→ WORK ORDER
Make an exact copy of the lines from the top of the entries below through the line with "Koka aktīvais namiņš". Leave all pictures out.

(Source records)

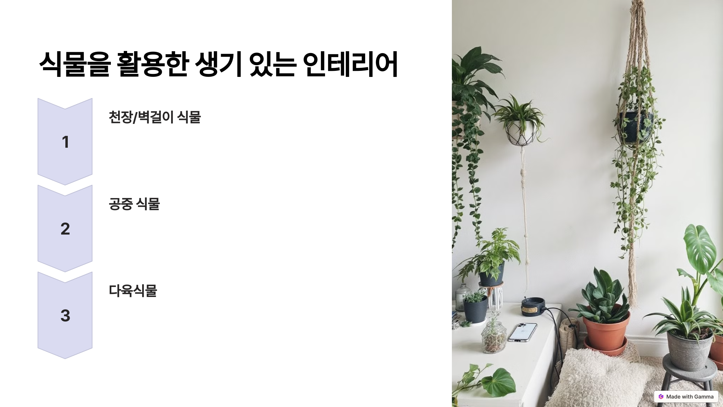 - 천장이나 벽에 걸 수 있는 식물은 공간을 차지하지 않으면서도 포인트를 줍니다.
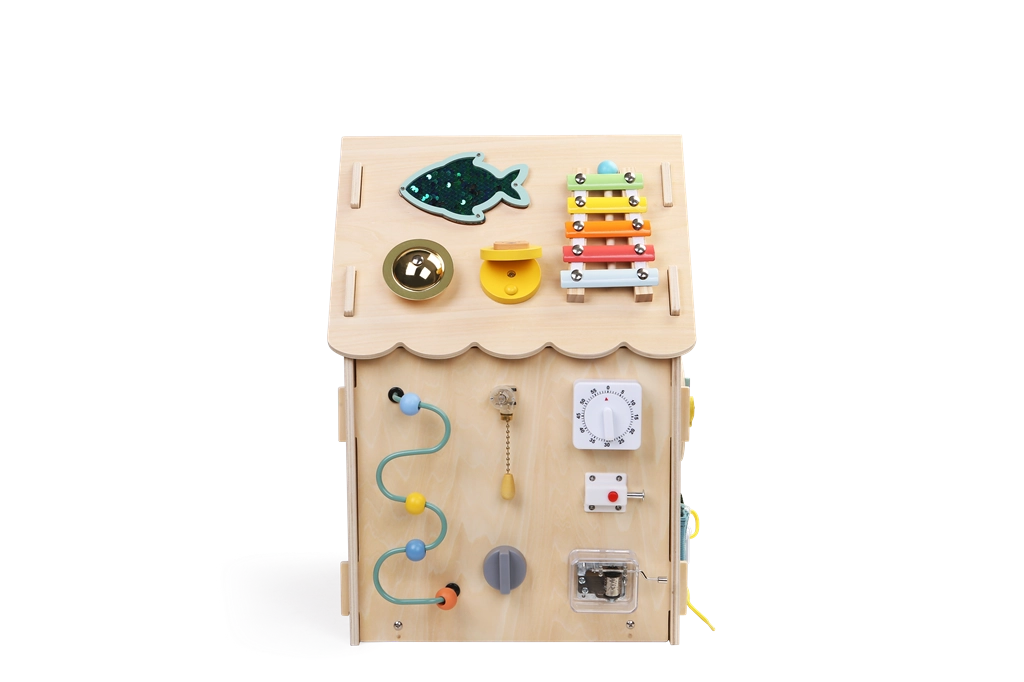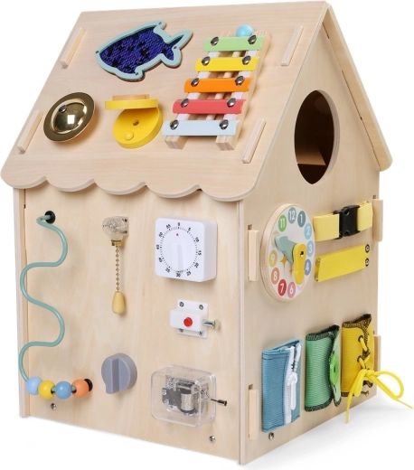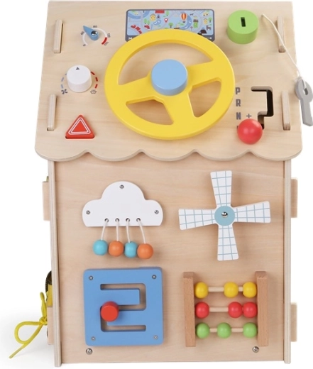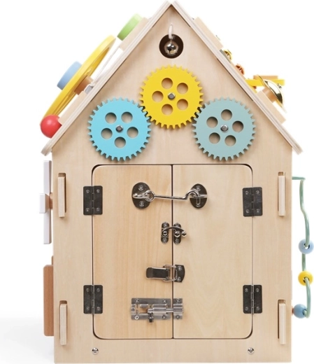 Koka aktīvais namiņš apvieno spēli un mācīšanos vienā. Tas piedāvā zobratus, stūri un pārnesumu sviru, skaitīkli, labirintu, rotējošu vēja ratu un dažādus slēdzeņu un aizbīdņu veidus, kas attīsta sīko motoriku, loģiku un patstāvību. Izgatavots no kvalitatīvas dabīgas koksnes ar drošām, gludām malām un netoksiskām krāsām. Lieliska izvēle zinātkāriem bērniem no 3 gadu vecuma.
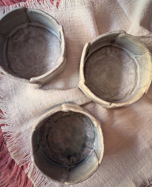 I allow the pottery to dry slowly to ensure it is ready for the first bisque firing. The glaze is then applied using a brush on technique before the pieces undergo a second firing. Finally, all items are carefully sanded and cleaned to achieve a smooth finish.
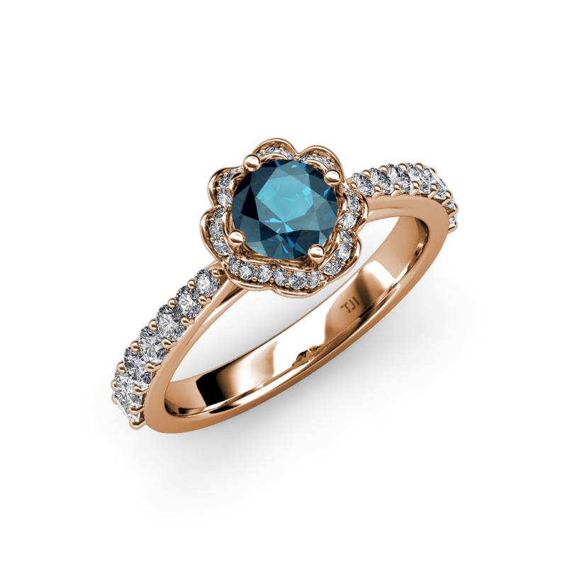 Blue and White Diamond Floral Womens Halo Engagement Ring 1.38 ctw 14K Rose Gold More Details ...
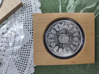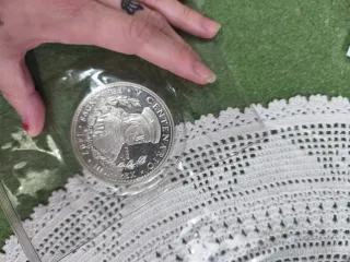 Moneda conmemorativa del Mundial de Baloncesto de 1986 celebrado en España. - Diseño con la jirafa mascota del Mundial llamada " Pívot " - Bañada en plata de ley. Peso: 10,55 grs y Diámetro: 31 mm Está moneda es rarísima, pues no sé encuentra fácilmente en el mercado, por no decir imposible, por tanto para los entusiastas y coleccionistas de objetos de baloncesto es una oportunidad única de hacerse con una pieza casi exclusiva que se revalorizará en el tiempo.
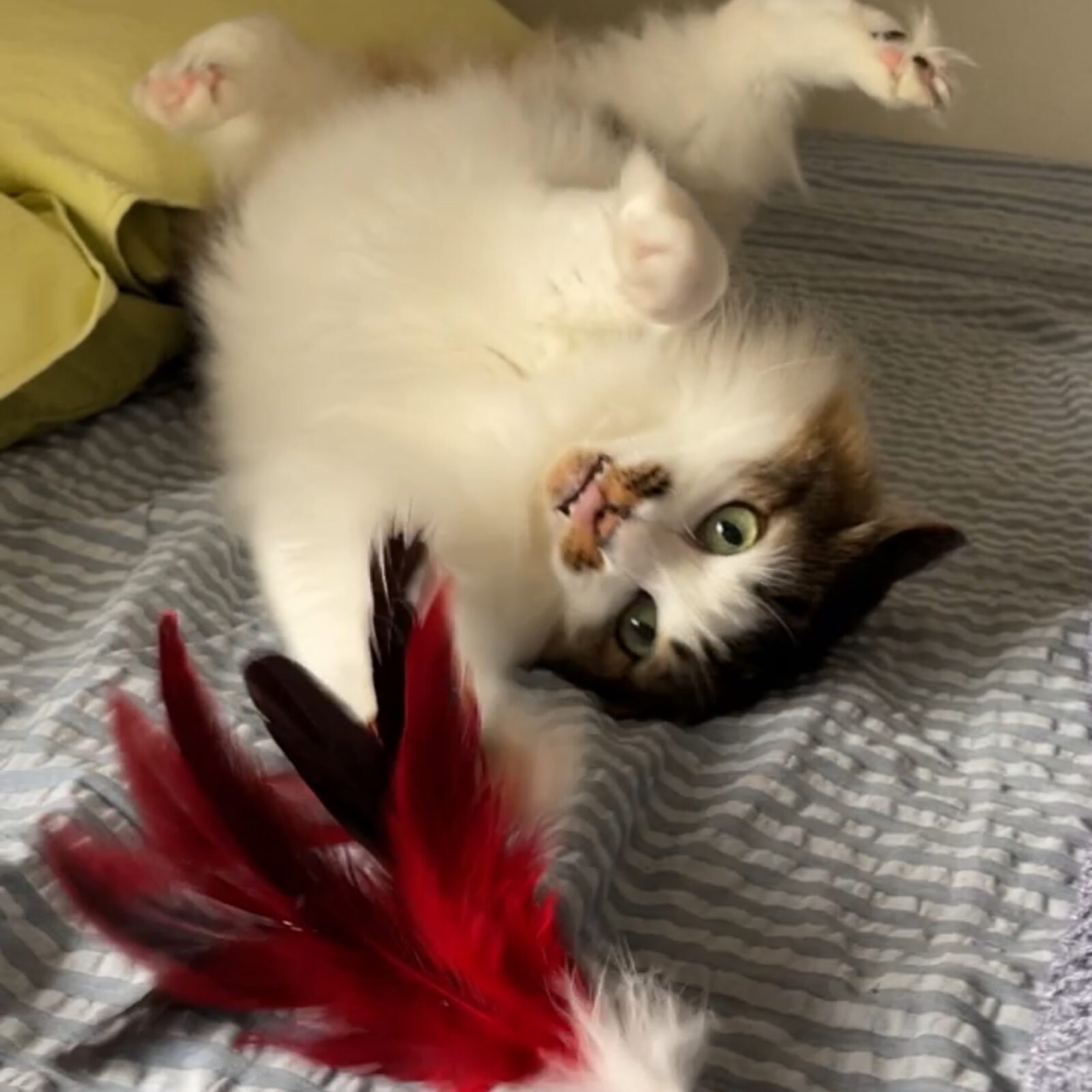かまぼこ君は、最初から懐っこくて🥰甘えてくれたり、猫じゃらしなどで、

→ TASK RESPONSE
 - 천장이나 벽에 걸 수 있는 식물은 공간을 차지하지 않으면서도 포인트를 줍니다.
 Koka aktīvais namiņš apvieno spēli un mācīšanos vienā. Tas piedāvā zobratus, stūri un pārnesumu sviru, skaitīkli, labirintu, rotējošu vēja ratu un dažādus slēdzeņu un aizbīdņu veidus, kas attīsta sīko motoriku, loģiku un patstāvību. Izgatavots no kvalitatīvas dabīgas koksnes ar drošām, gludām malām un netoksiskām krāsām. Lieliska izvēle zinātkāriem bērniem no 3 gadu vecuma.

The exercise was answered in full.